Top tips for bridging market borrowers


The Ronseal advert slogan “it does what it says on the tin” sums up one of the key attributes of a short-term lender. Cut away all the jargon and the products, the borrower simply wants to know that if a lender says they can do something then they will do it and will stick with their decision.

Since Cowgills launched PMJ Capital in 2015 the bridging market has continued to expand. With new lenders entering the market with what seems to be increasing regulatory demands it is fair to say the market is confusing at best.

The offering is diverse, as are the products available, but in my opinion the fundamentals remain as the ability to deliver a funding package with the minimum of fuss and having the funds to complete.

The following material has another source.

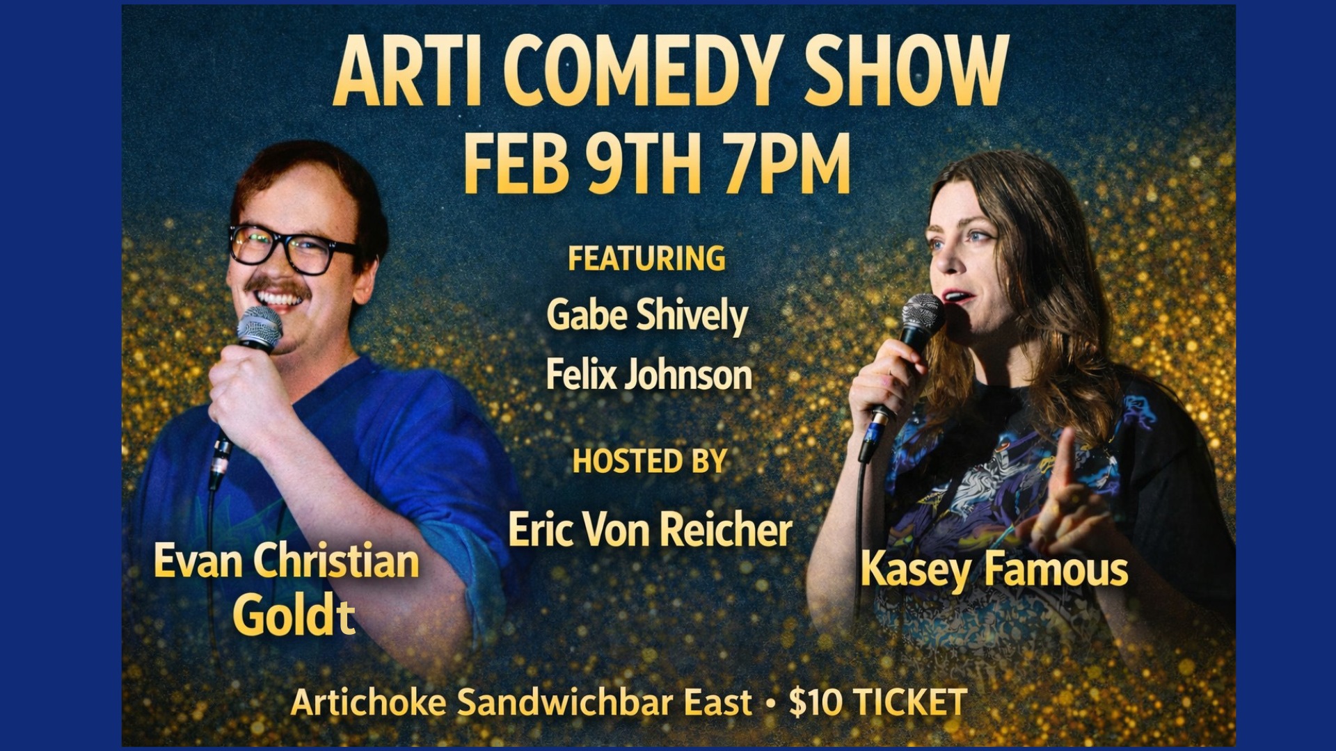 Feb 9 Arti Comedy Show feat. Kasey Famous & Evan Christian Goldt at Artichoke Sandwichbar EAST 7:00 pm Artichoke Sandwichbar EAST 2959 N. Rock Rd., Wichita Event Details Get Directions

Clearly price is an influencing factor for borrowers, and whilst I accept that lenders need to be competitive, for transactions which are usually time sensitive or opportunity driven I would argue that confidence in the availability of funding and the lender principals remains paramount.

A borrower was rarely unable to complete on or lost a deal due to the price of borrowed funds but deals have been lost as a result of the inefficiencies of lenders whether through lack of funds, misunderstanding of the transaction, an inability to be commercial/flexible or ‘changing of the goalposts’.

Communication is also important throughout the process and this extends to both the lenders and the borrower’s professional teams. Bridging, whilst not in itself complex, can be made difficult if all parties are not clear on what is expected of them, including information requirements at the outset and not having constructive dialogue as the case progresses.

Personally, I am a strong advocate for ‘picking up the phone’ as more can be achieved in 10 minutes of dialogue than in a round of emails. Sometimes the lender just needs to get stuck in to make things happen!

My top 5 tips to borrowers would be:

1- Know your lender. Understand whether they are lending their own money, if they are subject to funding lines or really just acting in the role of a packager. Through PMJ Capital we use our own funds and are not reliant on any external parties or funders which has been a really important element in helping us to complete deals quickly and flexibly.

2 – Have the ability to talk to a decision maker and have confidence that they understand the transaction and will be contactable if you need to speak to them.

3 – Be completely upfront about any wrinkles in the transaction or background issues that may come out in the due diligence process.

4 -Select your appointed solicitor with care – someone who has experience of dealing with bridging lenders helps.

5 – Make sure you stay in the loop. It is as much the borrowers’ responsibility to drive a deal forward as it is the broker, solicitor or lender. Equally don’t be frightened to pick up the phone.